# WHAT TO WORK ON
In the entries below, find the line containing "Enkelt seng til" and the line containing "Modeled after our". Copy those two lines and everything between them exactly, without the pictures.

# DATASET
_ _ _

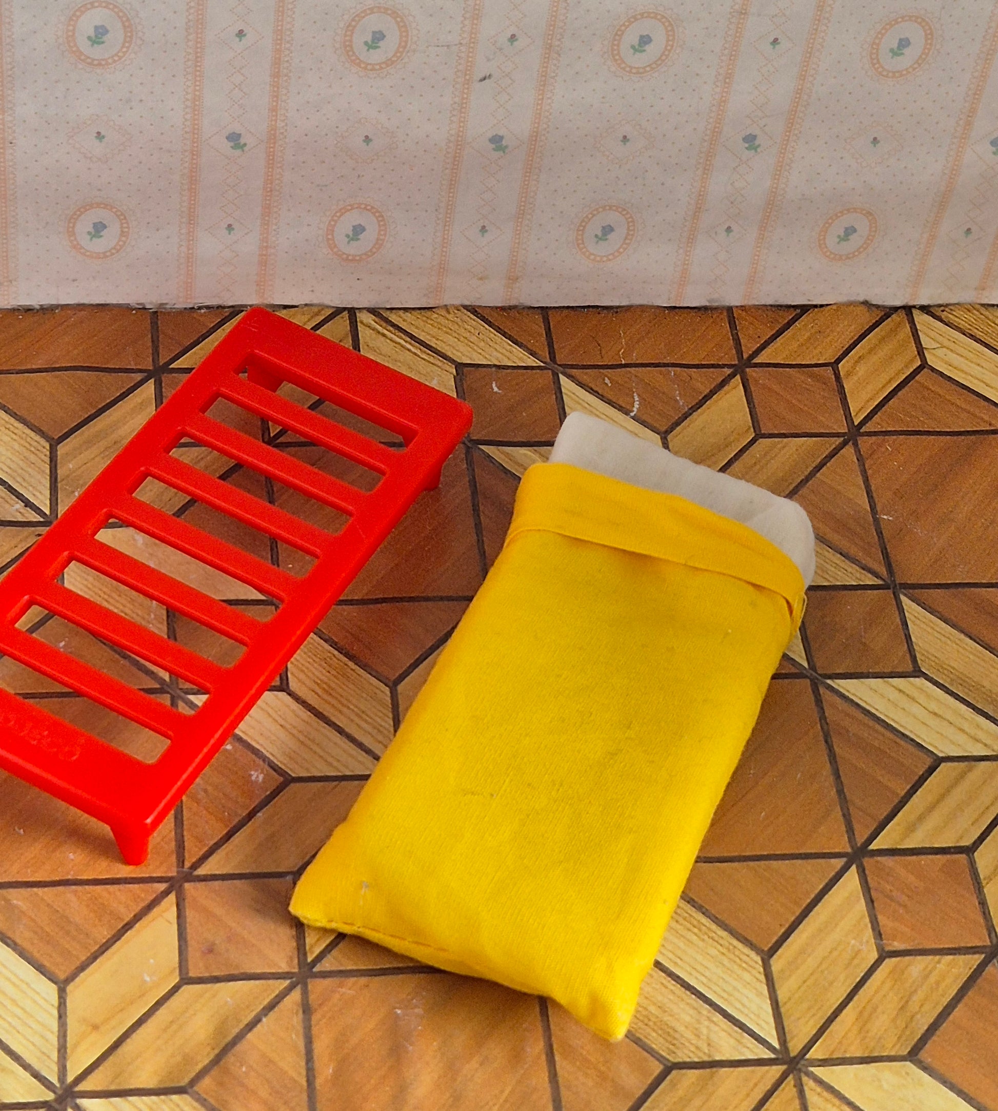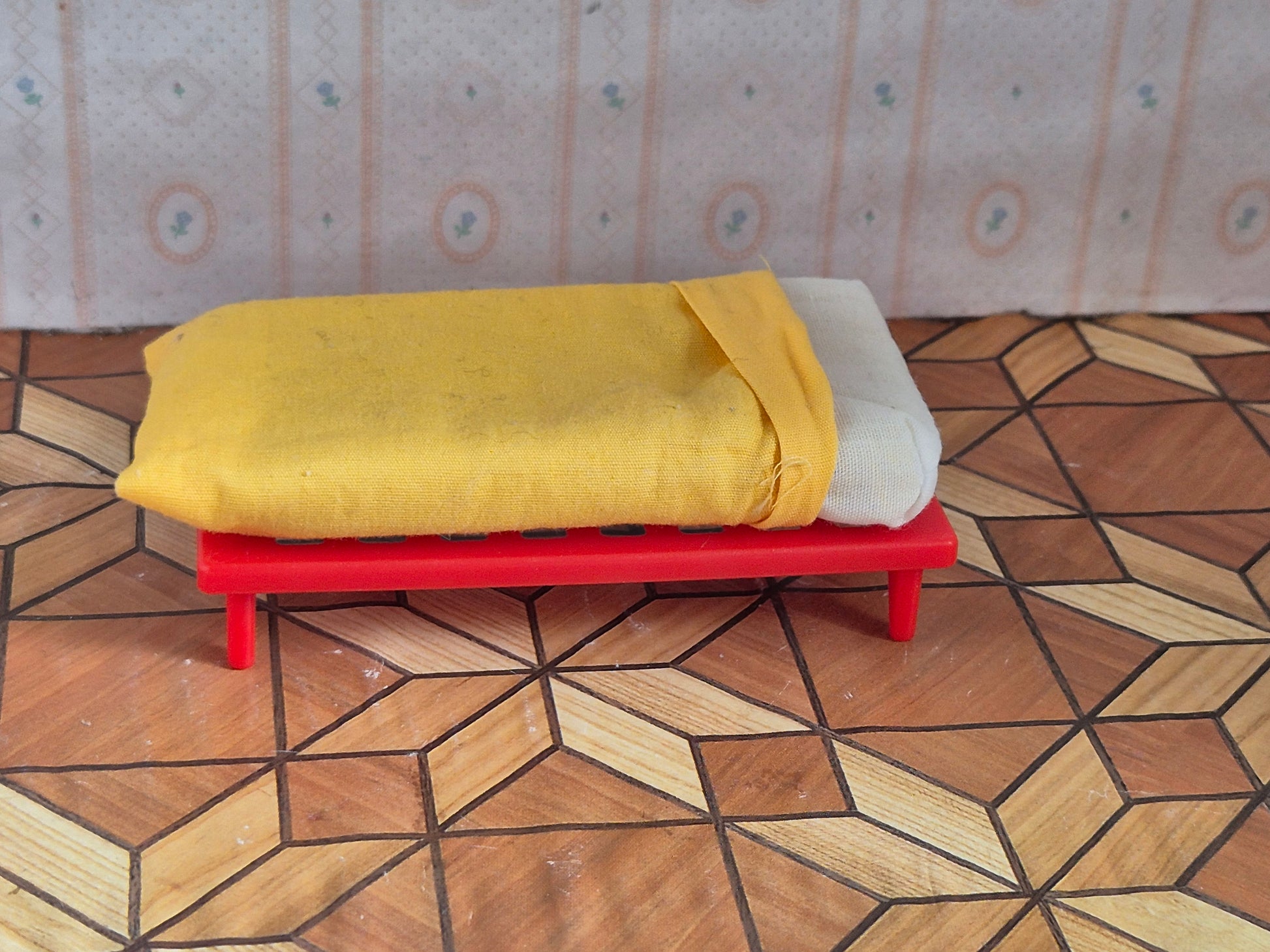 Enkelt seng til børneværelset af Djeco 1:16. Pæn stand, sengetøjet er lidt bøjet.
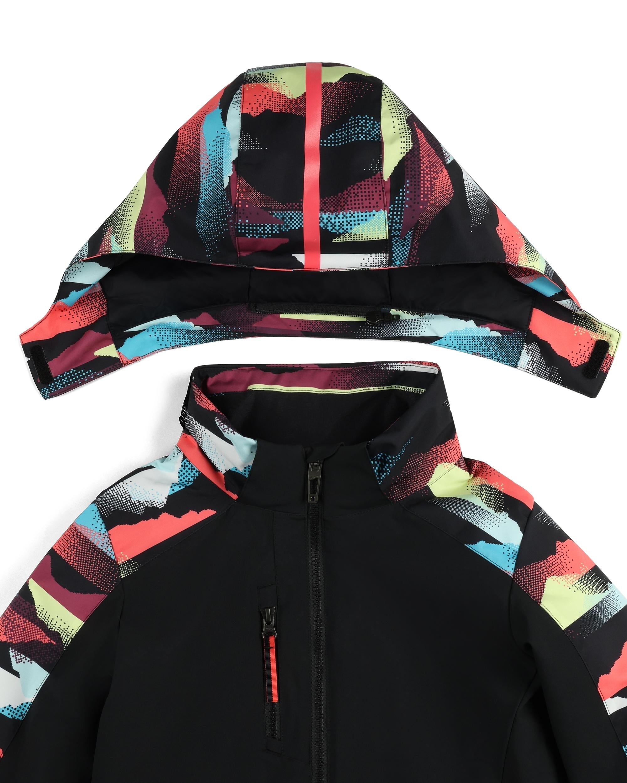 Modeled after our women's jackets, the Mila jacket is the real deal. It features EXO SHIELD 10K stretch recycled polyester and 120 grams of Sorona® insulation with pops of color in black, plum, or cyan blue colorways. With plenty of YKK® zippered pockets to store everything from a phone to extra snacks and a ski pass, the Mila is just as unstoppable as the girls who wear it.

_ _ _

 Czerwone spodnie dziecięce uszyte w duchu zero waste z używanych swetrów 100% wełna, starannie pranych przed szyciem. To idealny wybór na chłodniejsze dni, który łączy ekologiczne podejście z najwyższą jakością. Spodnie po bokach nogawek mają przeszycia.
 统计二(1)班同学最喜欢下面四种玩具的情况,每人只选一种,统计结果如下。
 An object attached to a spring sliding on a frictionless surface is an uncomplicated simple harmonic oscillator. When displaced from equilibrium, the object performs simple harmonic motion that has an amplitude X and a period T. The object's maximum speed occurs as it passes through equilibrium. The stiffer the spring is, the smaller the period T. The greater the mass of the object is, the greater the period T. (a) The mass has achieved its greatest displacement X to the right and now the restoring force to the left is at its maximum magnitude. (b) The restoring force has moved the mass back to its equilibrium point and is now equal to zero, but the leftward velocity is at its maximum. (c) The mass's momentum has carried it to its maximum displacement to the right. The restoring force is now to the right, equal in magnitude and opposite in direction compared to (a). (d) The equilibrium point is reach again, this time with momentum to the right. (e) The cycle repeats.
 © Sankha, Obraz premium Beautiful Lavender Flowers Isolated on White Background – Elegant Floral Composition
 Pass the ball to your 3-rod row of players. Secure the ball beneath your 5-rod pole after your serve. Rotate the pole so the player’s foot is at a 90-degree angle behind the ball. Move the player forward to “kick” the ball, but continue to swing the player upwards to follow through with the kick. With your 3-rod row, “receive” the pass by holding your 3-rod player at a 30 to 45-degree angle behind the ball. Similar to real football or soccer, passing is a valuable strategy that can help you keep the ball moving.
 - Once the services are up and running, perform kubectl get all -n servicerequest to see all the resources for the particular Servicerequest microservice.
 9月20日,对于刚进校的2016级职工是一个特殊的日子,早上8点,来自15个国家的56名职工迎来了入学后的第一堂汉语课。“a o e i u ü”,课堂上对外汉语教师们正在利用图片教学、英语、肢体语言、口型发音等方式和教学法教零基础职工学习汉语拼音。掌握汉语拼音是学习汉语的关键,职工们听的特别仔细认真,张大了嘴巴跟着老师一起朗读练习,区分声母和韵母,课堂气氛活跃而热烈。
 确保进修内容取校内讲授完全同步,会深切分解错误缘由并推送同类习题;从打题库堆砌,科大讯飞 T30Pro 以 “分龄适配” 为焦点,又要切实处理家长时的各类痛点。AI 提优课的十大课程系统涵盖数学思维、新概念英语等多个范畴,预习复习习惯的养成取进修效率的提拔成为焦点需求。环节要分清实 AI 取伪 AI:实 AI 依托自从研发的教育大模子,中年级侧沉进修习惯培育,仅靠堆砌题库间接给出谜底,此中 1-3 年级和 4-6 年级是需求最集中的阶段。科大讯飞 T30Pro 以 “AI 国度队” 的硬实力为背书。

_ _ _

# ANSWER SECTION
 Enkelt seng til børneværelset af Djeco 1:16. Pæn stand, sengetøjet er lidt bøjet.
 Modeled after our women's jackets, the Mila jacket is the real deal. It features EXO SHIELD 10K stretch recycled polyester and 120 grams of Sorona® insulation with pops of color in black, plum, or cyan blue colorways. With plenty of YKK® zippered pockets to store everything from a phone to extra snacks and a ski pass, the Mila is just as unstoppable as the girls who wear it.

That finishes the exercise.